**Exercise description**
Each line of the records needs to be written out exactly, with any image left out.

**Material shown**
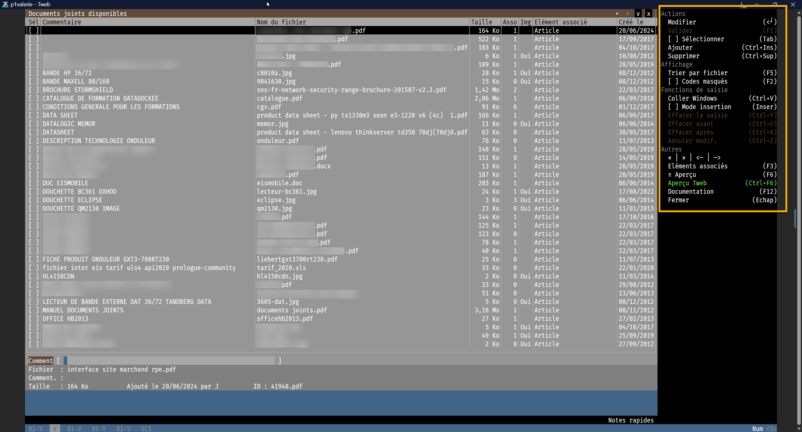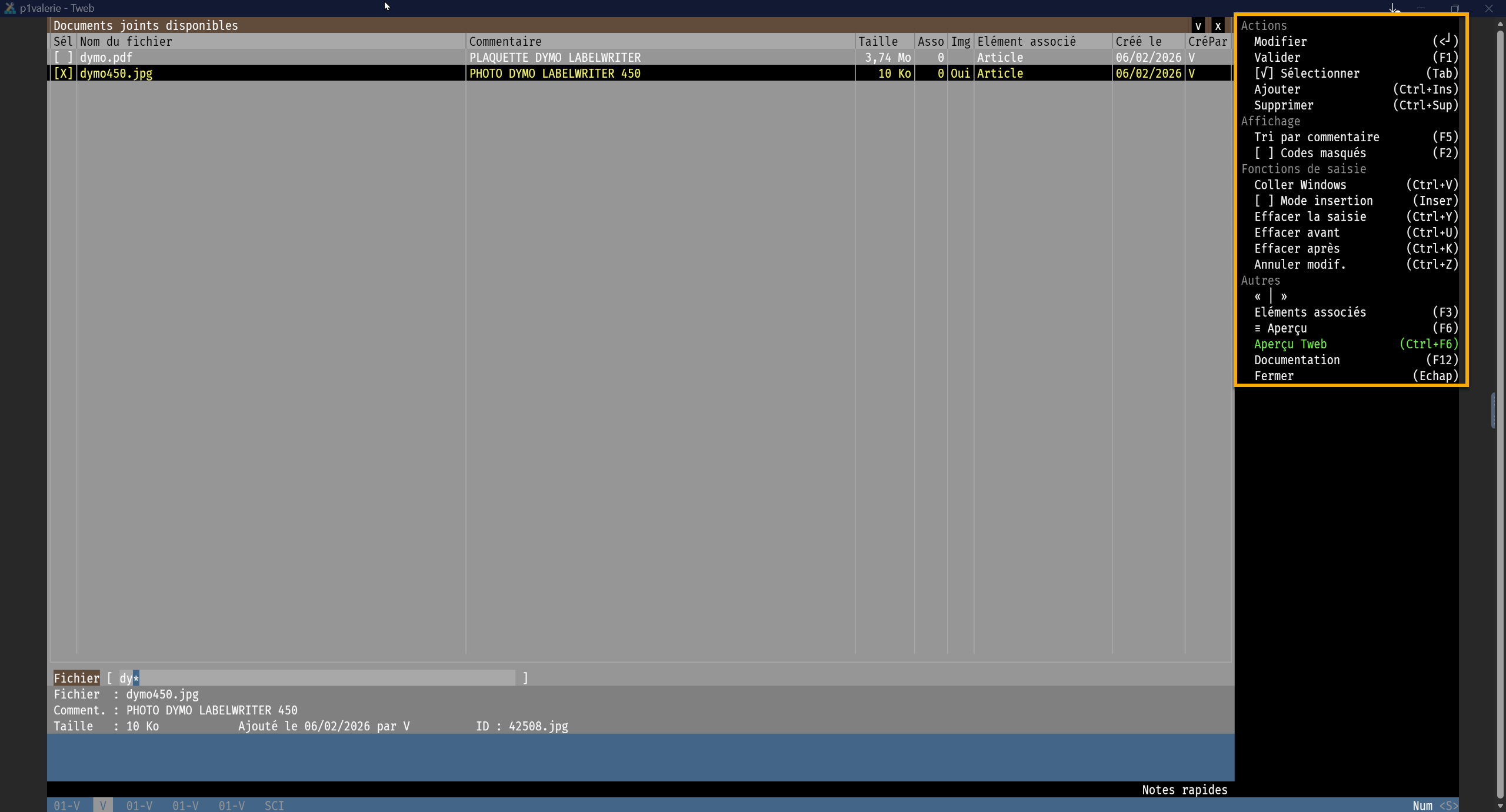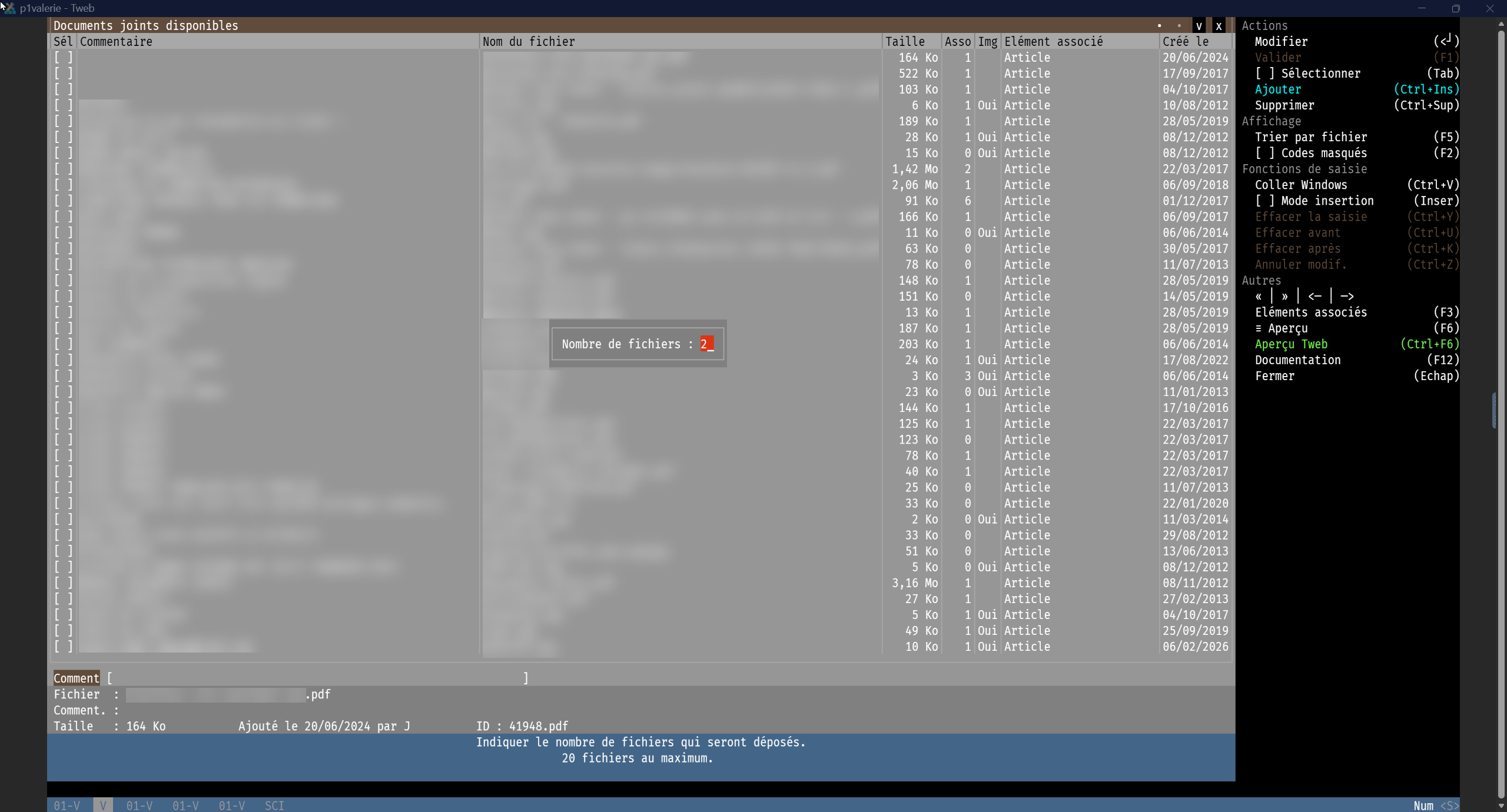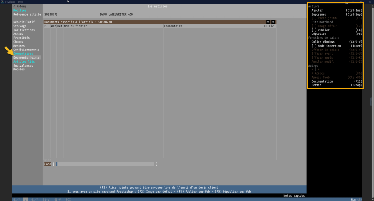 Les fonctionnalités cliquables se trouvent sur le volet de fonctions à droite de l'écran, il vous suffit de cliquer sur le lien correspondant ou d'utiliser les raccourcis clavier correspondant. Une première liste de documents disponibles à la sélection s'affiche : les documents déjà associés à l'article apparaissent dans une couleur différente.
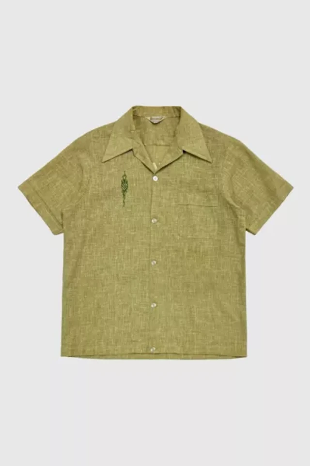 Vintage 1960's Olympian Cropped Flocked Letter Embroidered Bowling Shirt
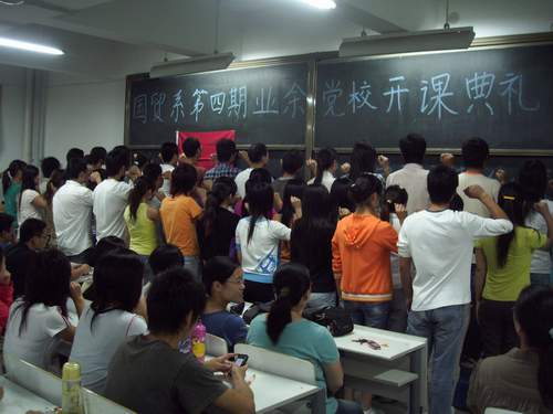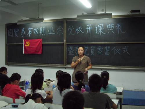 9月13日晚7:00,国际贸易系第四期业余党校开课典礼暨新党员宣誓大会于资讯楼213隆重举行。国贸系党总支副书记张小雁老师、04级党支部书记晋明明老师、05级党支部书记孙永杰老师、06级党支部书记闫帅老师、专升本党支部书记唐云老师以及国贸系全体辅导员出席了会议,会议由05级党支部书记孙永杰老师主持。
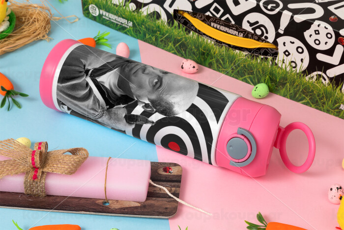 Θου Βου Φαλακρός Πράκτωρ, Easter candle, Childrens hot water bottle, stainless steel, with safety straw, PINK (500ml)
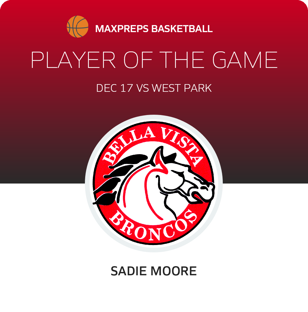 December 17, 2024: Fair Oaks, CA 95628 In Tuesday's non-league test, the Bella Vista Broncos (Fair Oaks, CA) basketball squad got by the visiting West Park Panthers (Roseville, CA), by a score of 41-40.
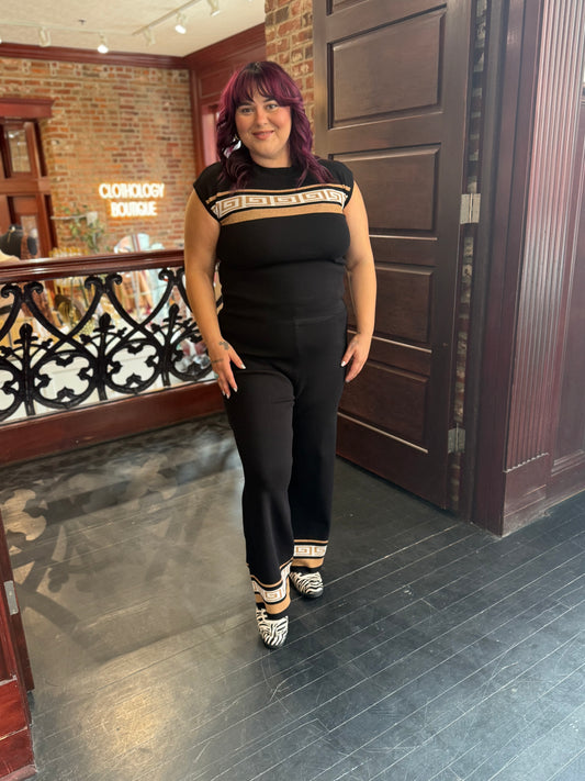 ENTRO EXTENDED SIZES CAMEL AND BLACK SLEEVELESS SWEATER 9.11
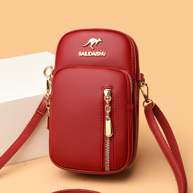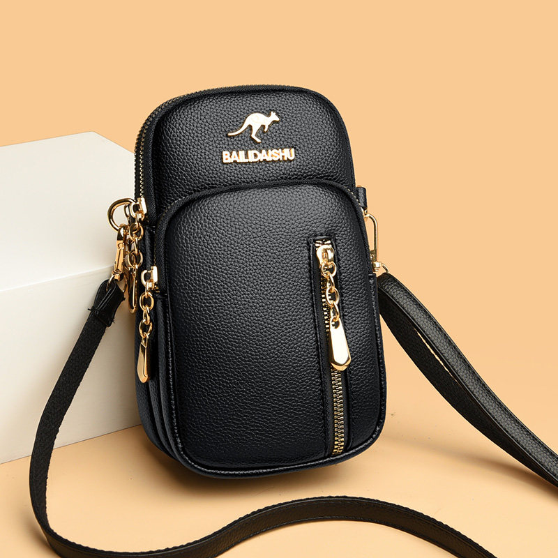 真皮斜挎手机包三层大容量零钱包女2024新款韩版时尚潮妈妈单肩包

**Your solution**
 Les fonctionnalités cliquables se trouvent sur le volet de fonctions à droite de l'écran, il vous suffit de cliquer sur le lien correspondant ou d'utiliser les raccourcis clavier correspondant. Une première liste de documents disponibles à la sélection s'affiche : les documents déjà associés à l'article apparaissent dans une couleur différente.
 Vintage 1960's Olympian Cropped Flocked Letter Embroidered Bowling Shirt
 9月13日晚7:00,国际贸易系第四期业余党校开课典礼暨新党员宣誓大会于资讯楼213隆重举行。国贸系党总支副书记张小雁老师、04级党支部书记晋明明老师、05级党支部书记孙永杰老师、06级党支部书记闫帅老师、专升本党支部书记唐云老师以及国贸系全体辅导员出席了会议,会议由05级党支部书记孙永杰老师主持。
 Θου Βου Φαλακρός Πράκτωρ, Easter candle, Childrens hot water bottle, stainless steel, with safety straw, PINK (500ml)
 December 17, 2024: Fair Oaks, CA 95628 In Tuesday's non-league test, the Bella Vista Broncos (Fair Oaks, CA) basketball squad got by the visiting West Park Panthers (Roseville, CA), by a score of 41-40.
 ENTRO EXTENDED SIZES CAMEL AND BLACK SLEEVELESS SWEATER 9.11
 真皮斜挎手机包三层大容量零钱包女2024新款韩版时尚潮妈妈单肩包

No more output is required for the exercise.